> _TASK OBJECTIVE_: In the data below, find the line containing "- 2026/03/18的中 無料予想で15,200円獲得2026/03/09的中"; transcribe it and each line after it exactly, through the last, skipping pictures.

(Stored dataset items)
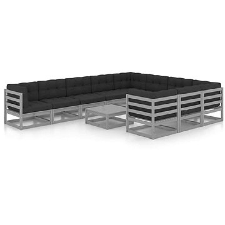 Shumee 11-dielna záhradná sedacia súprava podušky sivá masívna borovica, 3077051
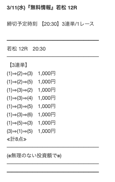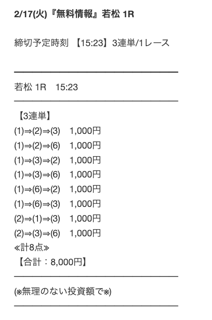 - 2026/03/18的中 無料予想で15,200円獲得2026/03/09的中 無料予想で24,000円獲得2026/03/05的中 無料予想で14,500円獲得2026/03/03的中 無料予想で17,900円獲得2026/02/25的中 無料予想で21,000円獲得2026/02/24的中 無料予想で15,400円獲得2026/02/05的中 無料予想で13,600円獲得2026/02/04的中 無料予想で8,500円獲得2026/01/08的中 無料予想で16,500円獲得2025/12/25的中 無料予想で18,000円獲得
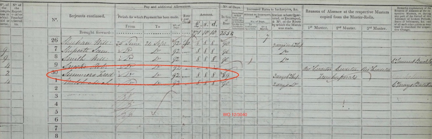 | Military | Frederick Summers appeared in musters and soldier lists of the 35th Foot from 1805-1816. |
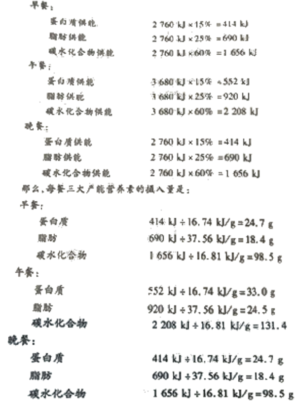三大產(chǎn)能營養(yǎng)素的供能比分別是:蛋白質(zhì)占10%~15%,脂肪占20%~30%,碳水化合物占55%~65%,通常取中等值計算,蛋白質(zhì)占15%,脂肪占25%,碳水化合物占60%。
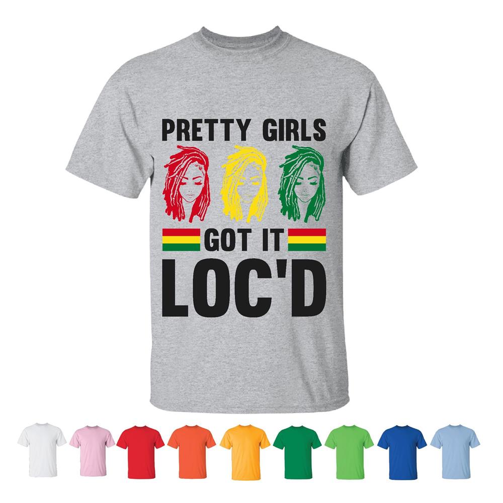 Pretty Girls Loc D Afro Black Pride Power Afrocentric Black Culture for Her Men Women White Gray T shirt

> _OUTPUT FOR THIS TASK_:
 - 2026/03/18的中 無料予想で15,200円獲得2026/03/09的中 無料予想で24,000円獲得2026/03/05的中 無料予想で14,500円獲得2026/03/03的中 無料予想で17,900円獲得2026/02/25的中 無料予想で21,000円獲得2026/02/24的中 無料予想で15,400円獲得2026/02/05的中 無料予想で13,600円獲得2026/02/04的中 無料予想で8,500円獲得2026/01/08的中 無料予想で16,500円獲得2025/12/25的中 無料予想で18,000円獲得
 | Military | Frederick Summers appeared in musters and soldier lists of the 35th Foot from 1805-1816. |
三大產(chǎn)能營養(yǎng)素的供能比分別是:蛋白質(zhì)占10%~15%,脂肪占20%~30%,碳水化合物占55%~65%,通常取中等值計算,蛋白質(zhì)占15%,脂肪占25%,碳水化合物占60%。
 Pretty Girls Loc D Afro Black Pride Power Afrocentric Black Culture for Her Men Women White Gray T shirt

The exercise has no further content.